-- Opening Marker --
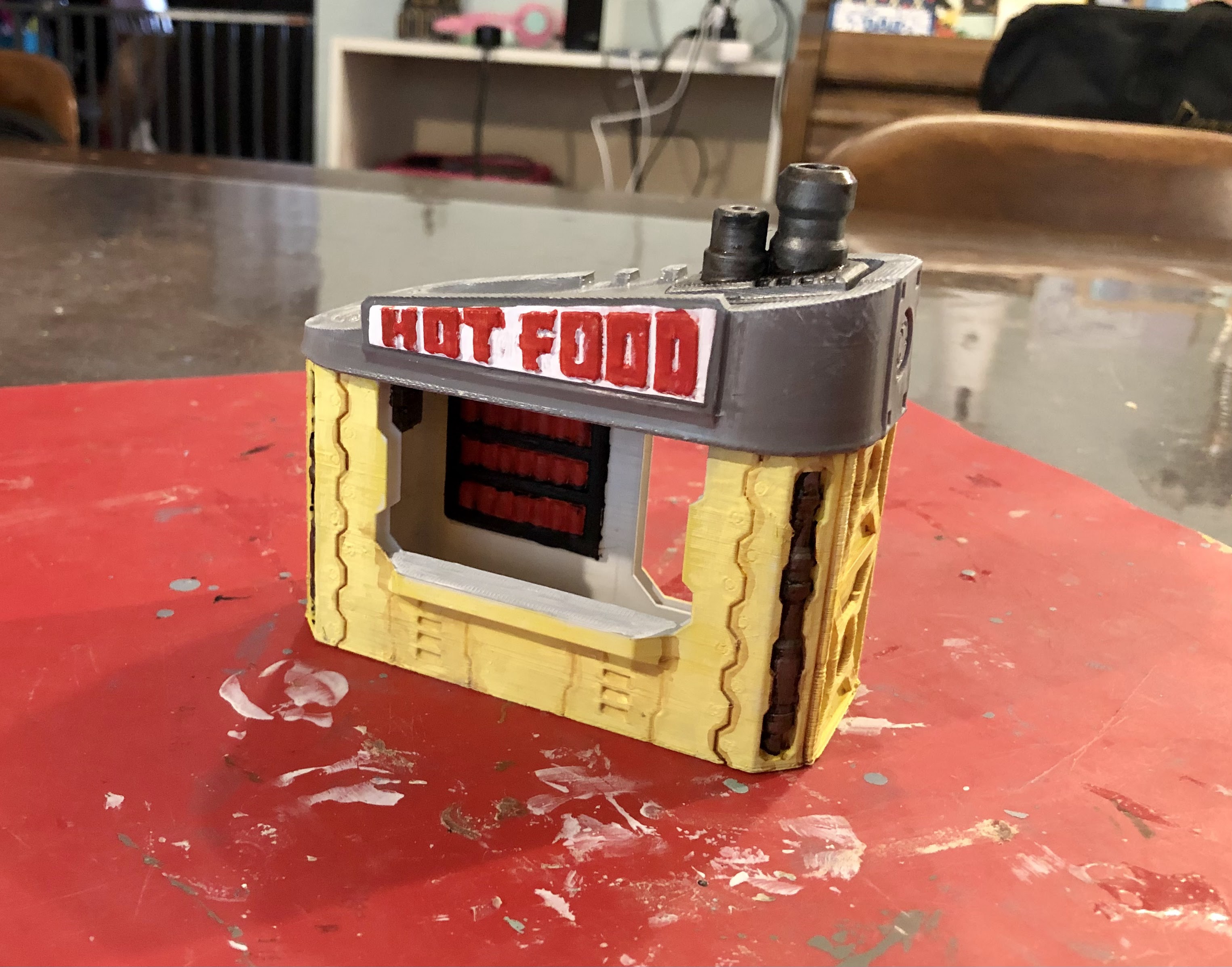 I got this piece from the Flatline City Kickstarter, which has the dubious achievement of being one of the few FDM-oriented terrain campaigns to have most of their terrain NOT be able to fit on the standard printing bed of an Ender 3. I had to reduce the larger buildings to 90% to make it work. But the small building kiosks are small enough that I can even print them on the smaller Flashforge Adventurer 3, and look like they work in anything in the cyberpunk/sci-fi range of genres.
-- Closing Marker --
-- Opening Marker --
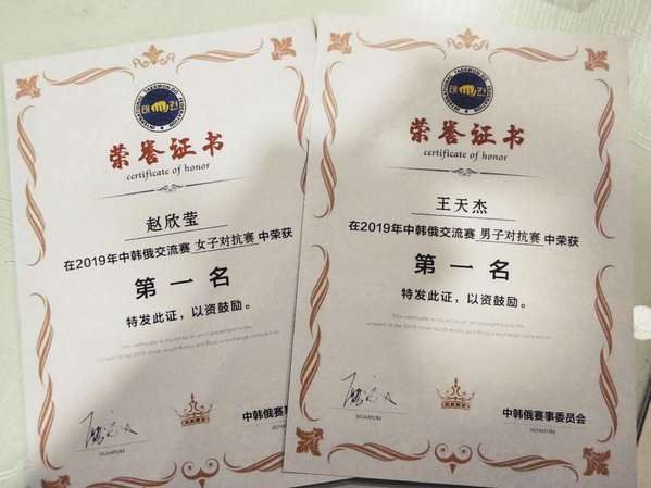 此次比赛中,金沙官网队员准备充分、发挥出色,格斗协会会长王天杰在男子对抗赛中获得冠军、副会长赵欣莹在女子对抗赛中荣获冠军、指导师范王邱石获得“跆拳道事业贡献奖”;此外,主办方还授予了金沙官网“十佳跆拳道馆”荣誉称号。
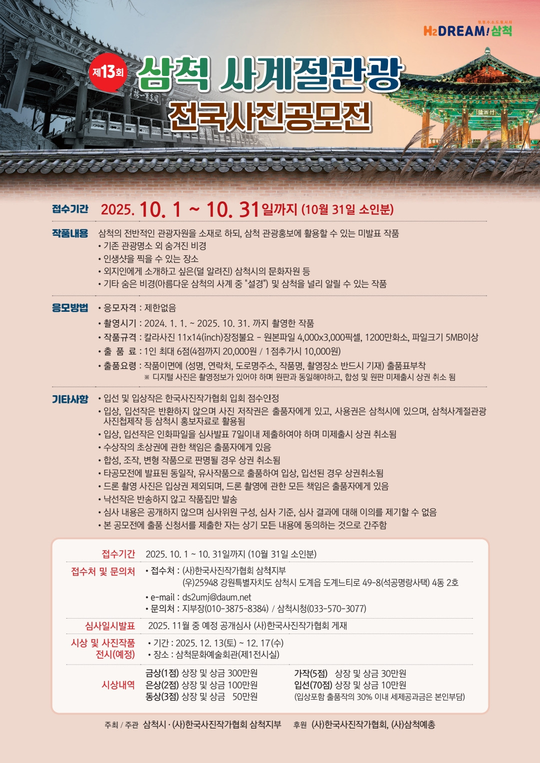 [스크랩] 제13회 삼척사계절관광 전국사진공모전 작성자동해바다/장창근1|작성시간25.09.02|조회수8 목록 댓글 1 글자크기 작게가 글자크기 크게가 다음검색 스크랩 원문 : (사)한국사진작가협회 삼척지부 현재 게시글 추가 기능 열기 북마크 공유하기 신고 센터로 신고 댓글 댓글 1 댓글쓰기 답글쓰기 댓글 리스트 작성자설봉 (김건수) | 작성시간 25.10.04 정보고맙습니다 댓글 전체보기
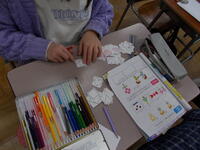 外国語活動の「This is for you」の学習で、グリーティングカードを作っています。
-- Closing Marker --
● **ASSIGNED TASK**: In the records above, find the line with "[스크랩] 제13회 삼척사계절관광". Print exactly from there through the line with "外国語活動の「This is for", minus the pictures.

● **FINAL ANSWER**:
 [스크랩] 제13회 삼척사계절관광 전국사진공모전 작성자동해바다/장창근1|작성시간25.09.02|조회수8 목록 댓글 1 글자크기 작게가 글자크기 크게가 다음검색 스크랩 원문 : (사)한국사진작가협회 삼척지부 현재 게시글 추가 기능 열기 북마크 공유하기 신고 센터로 신고 댓글 댓글 1 댓글쓰기 답글쓰기 댓글 리스트 작성자설봉 (김건수) | 작성시간 25.10.04 정보고맙습니다 댓글 전체보기
 外国語活動の「This is for you」の学習で、グリーティングカードを作っています。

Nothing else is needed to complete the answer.